Vitaliy Mykolayovych Rudenko (, born 26 January 1981, in Odessa, Soviet Union, now Ukraine) is a football goalkeeper.

Career
Rudenko is a product of the Chornomorets Odesa youth system. Having spent a few years playing in lower divisions, in 1999 he was brought in to the senior team of Chornomorets as cover for Hennadiy Altman. The following season he was battling for the starting position and becoming first choice keeper for Chornomorets in the 2001–02 season.
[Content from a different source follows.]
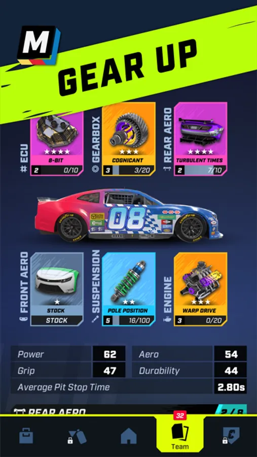 Recruit and train NASCAR drivers to create your ultimate team, complete with unique custom liveries and detailed car tuning.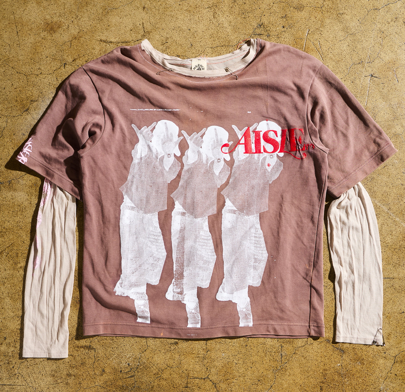 These are reworked by taking a vintage t shirt and vintage thermal and sewing them together. Accompanied by 3 images, 2 front hits and a right side sleeve hit. Safety pins attached to the collar and left sleeve wrists. EVERY PIECE ITERATES AND VARIATES IN SIZE AND COLOR.

He has since solidified his position as the number one keeper with a series of consistent seasons for the club.

Following the relegation of Chornomorets from the Ukrainian Premier League at the end of the 2009–10 season, Rudenko joined FC Karpaty Lviv. Having limited opportunities behind the first-choice Karpaty goalkeeper and captain Andriy Tlumak, Rudenko went on loan to FC Metalurh Zaporizhya during the 2010–2011 winter break.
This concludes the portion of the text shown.